= Beginning of Section =

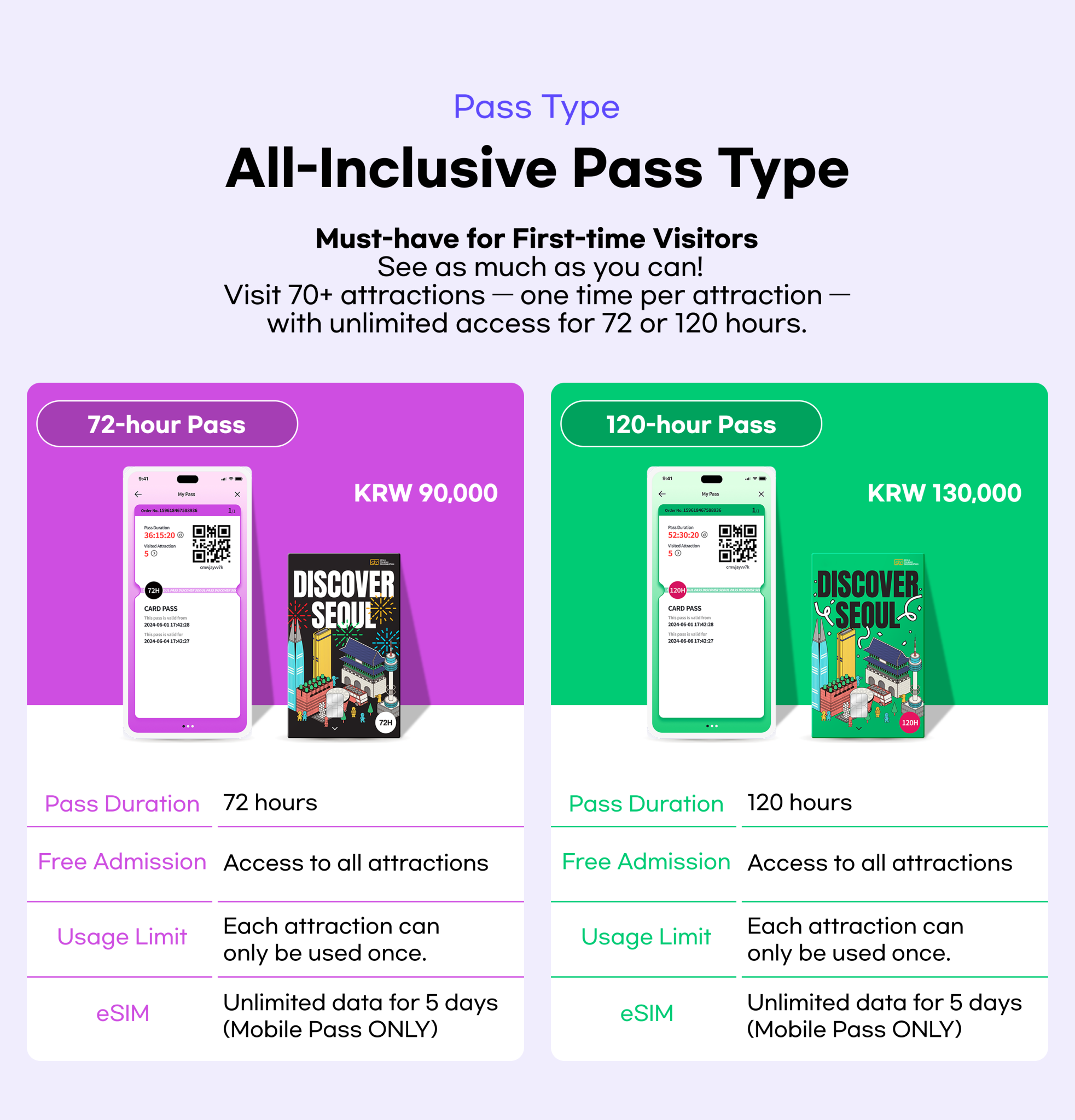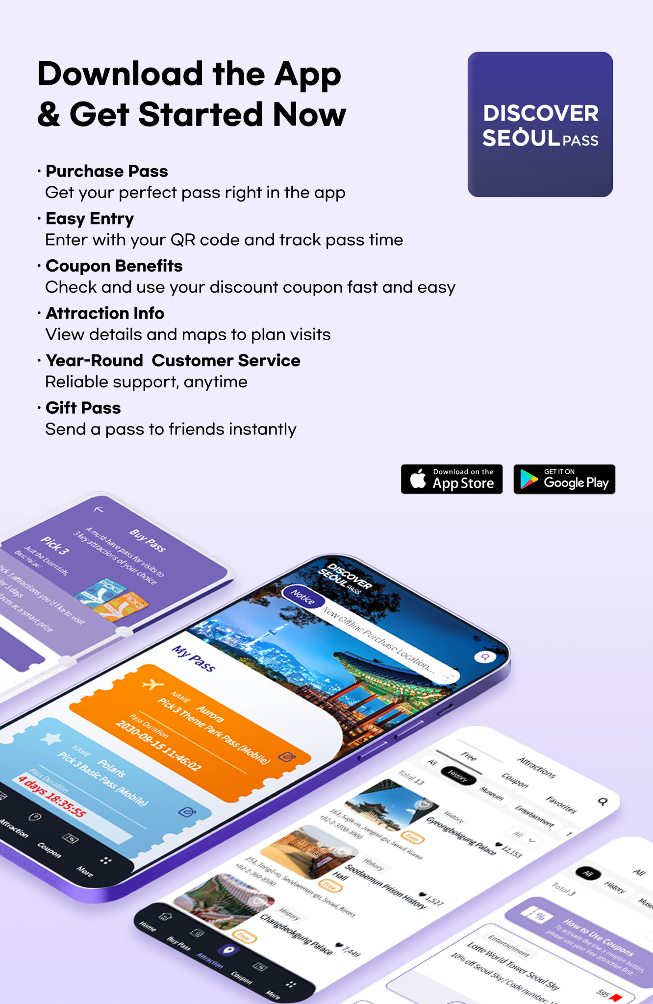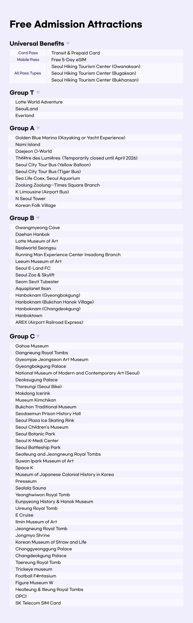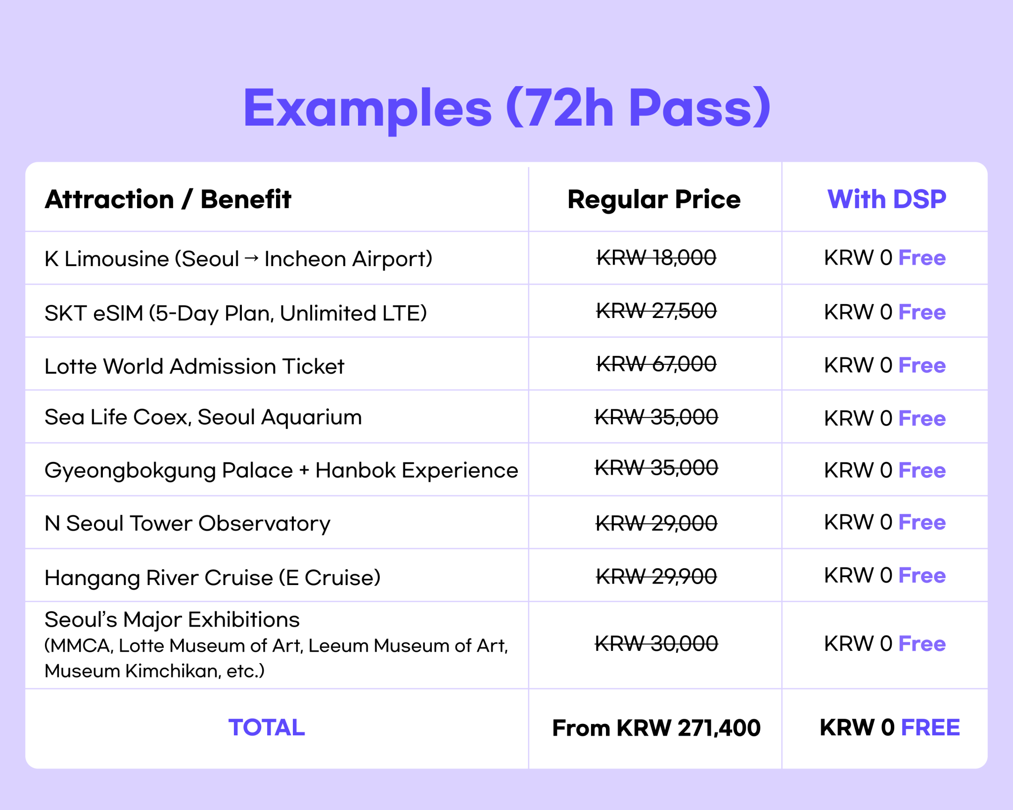- 2. Free admission more than 50 major attractions in Seoul including Lotte World, Hangang Cruise!
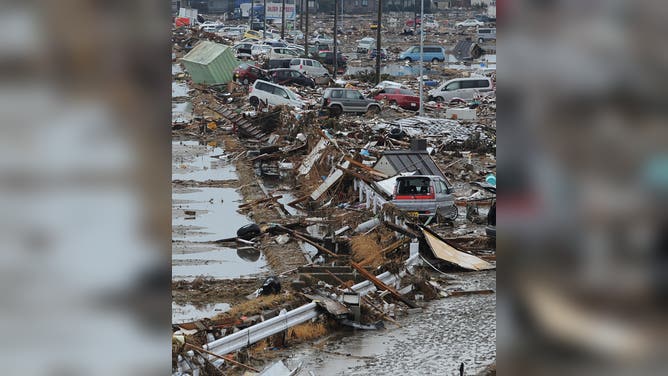 SENDAI, JAPAN: Debris after the tsunami following earthquake in Sendai, Miyagi, Honsu, Japan.
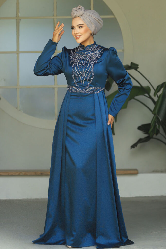 فستان سهرة للحجاب – فستان سهرة من الساتان باللون الأخضر البترولي مع ذيل 25878py
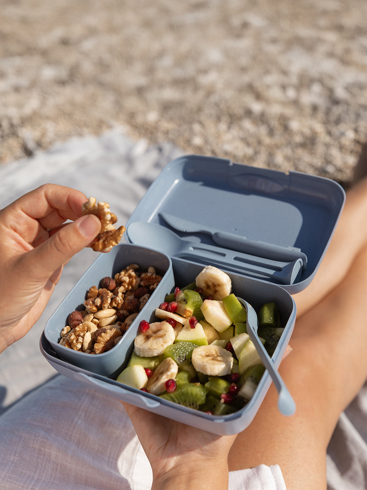 The CANDY READY lunchbox set has everything you need for a healthy lunch on the go. The large CANDY L box and the leak-proof CANDY S container neatly separate salads and dressings, vegetable sticks and dip, sandwiches, and fruit, keeping food appealing until eaten. The KLIKK POCKET cutlery set also fits in the large box, perfectly rounding off the lunchbox set.

= End of Section =

◆ Task requirements ◆
Find the line that contains "SENDAI, JAPAN: Debris" and repeat it, along with every line after it to the end of the data, exactly; drop the pictures.

◆ Solved problem ◆
 SENDAI, JAPAN: Debris after the tsunami following earthquake in Sendai, Miyagi, Honsu, Japan.
 فستان سهرة للحجاب – فستان سهرة من الساتان باللون الأخضر البترولي مع ذيل 25878py
 The CANDY READY lunchbox set has everything you need for a healthy lunch on the go. The large CANDY L box and the leak-proof CANDY S container neatly separate salads and dressings, vegetable sticks and dip, sandwiches, and fruit, keeping food appealing until eaten. The KLIKK POCKET cutlery set also fits in the large box, perfectly rounding off the lunchbox set.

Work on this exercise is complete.